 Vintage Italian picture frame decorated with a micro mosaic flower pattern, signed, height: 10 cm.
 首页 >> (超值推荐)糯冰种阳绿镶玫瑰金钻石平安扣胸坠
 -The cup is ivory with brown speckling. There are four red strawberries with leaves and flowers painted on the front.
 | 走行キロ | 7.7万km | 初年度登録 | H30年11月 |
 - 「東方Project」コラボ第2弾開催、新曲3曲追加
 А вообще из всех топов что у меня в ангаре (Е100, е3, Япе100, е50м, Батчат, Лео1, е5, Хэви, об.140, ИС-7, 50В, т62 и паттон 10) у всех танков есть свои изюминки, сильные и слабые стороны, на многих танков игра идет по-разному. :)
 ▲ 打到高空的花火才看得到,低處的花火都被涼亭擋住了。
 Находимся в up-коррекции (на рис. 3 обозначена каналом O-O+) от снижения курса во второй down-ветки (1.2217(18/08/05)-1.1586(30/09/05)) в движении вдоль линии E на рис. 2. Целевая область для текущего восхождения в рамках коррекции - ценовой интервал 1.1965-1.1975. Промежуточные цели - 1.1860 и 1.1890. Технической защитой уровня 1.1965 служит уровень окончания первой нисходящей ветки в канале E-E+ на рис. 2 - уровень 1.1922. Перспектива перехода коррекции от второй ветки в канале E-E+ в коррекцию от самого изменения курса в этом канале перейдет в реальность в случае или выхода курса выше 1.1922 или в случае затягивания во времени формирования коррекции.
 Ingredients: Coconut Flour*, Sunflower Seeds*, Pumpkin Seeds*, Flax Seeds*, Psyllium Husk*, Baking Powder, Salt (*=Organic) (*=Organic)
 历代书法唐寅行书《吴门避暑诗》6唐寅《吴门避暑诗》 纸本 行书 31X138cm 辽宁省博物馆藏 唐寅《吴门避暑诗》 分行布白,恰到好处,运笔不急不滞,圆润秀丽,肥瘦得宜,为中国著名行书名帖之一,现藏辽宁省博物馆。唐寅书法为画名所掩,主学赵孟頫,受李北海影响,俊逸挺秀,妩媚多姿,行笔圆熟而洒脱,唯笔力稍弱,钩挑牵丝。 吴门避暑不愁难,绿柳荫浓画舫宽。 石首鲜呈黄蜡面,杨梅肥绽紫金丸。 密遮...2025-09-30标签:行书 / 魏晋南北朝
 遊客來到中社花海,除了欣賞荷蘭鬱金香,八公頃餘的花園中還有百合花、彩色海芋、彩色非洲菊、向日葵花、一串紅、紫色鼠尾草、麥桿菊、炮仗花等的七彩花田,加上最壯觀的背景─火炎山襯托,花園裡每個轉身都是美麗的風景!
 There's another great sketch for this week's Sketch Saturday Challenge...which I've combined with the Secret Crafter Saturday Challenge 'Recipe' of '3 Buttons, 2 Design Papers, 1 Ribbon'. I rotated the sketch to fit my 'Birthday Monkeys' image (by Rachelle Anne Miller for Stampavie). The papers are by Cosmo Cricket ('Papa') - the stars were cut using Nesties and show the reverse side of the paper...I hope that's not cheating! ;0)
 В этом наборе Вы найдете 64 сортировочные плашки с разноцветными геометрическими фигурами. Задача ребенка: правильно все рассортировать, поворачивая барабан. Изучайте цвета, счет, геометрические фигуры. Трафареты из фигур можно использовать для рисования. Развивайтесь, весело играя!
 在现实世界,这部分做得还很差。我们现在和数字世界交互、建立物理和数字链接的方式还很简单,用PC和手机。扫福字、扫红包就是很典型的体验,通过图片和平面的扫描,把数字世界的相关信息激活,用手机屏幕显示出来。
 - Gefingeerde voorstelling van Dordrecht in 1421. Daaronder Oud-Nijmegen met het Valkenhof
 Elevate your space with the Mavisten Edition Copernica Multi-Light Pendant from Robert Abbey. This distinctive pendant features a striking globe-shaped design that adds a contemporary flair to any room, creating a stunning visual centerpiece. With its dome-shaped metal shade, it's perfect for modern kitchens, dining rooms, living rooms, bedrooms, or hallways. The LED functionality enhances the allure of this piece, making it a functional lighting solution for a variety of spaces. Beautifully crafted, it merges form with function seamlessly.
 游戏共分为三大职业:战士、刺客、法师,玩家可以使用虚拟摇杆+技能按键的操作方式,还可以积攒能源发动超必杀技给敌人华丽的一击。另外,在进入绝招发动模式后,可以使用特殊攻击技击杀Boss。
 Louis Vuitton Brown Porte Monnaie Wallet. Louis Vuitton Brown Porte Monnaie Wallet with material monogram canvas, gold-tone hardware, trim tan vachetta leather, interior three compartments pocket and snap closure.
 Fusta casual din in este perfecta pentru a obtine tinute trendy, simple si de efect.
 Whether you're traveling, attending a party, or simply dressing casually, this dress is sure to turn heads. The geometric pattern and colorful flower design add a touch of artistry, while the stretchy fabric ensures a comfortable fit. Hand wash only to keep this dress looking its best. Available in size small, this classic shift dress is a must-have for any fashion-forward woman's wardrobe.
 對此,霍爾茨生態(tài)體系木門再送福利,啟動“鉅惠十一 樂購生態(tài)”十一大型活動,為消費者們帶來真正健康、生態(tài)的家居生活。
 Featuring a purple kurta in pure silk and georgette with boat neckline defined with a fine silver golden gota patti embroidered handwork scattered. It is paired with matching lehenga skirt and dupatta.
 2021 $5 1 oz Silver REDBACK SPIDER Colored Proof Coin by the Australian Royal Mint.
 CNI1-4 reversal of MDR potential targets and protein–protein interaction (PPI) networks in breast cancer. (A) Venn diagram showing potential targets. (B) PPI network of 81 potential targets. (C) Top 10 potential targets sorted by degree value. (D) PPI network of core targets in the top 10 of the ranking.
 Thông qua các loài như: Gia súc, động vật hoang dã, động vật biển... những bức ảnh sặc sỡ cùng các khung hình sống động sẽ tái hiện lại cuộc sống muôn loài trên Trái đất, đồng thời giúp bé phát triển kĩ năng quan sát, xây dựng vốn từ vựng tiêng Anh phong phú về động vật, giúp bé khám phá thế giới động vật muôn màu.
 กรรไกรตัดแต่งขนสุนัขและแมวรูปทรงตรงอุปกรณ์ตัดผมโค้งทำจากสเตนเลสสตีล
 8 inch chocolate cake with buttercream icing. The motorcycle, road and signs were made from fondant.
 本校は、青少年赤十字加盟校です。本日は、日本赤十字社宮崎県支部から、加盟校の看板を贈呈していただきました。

## ASSIGNED TASK
Repeat every line of the data word for word until you have repeated the line that contains "-The cup is", which is the last one to include.

## TASK RESPONSE
 Vintage Italian picture frame decorated with a micro mosaic flower pattern, signed, height: 10 cm.
 首页 >> (超值推荐)糯冰种阳绿镶玫瑰金钻石平安扣胸坠
 -The cup is ivory with brown speckling. There are four red strawberries with leaves and flowers painted on the front.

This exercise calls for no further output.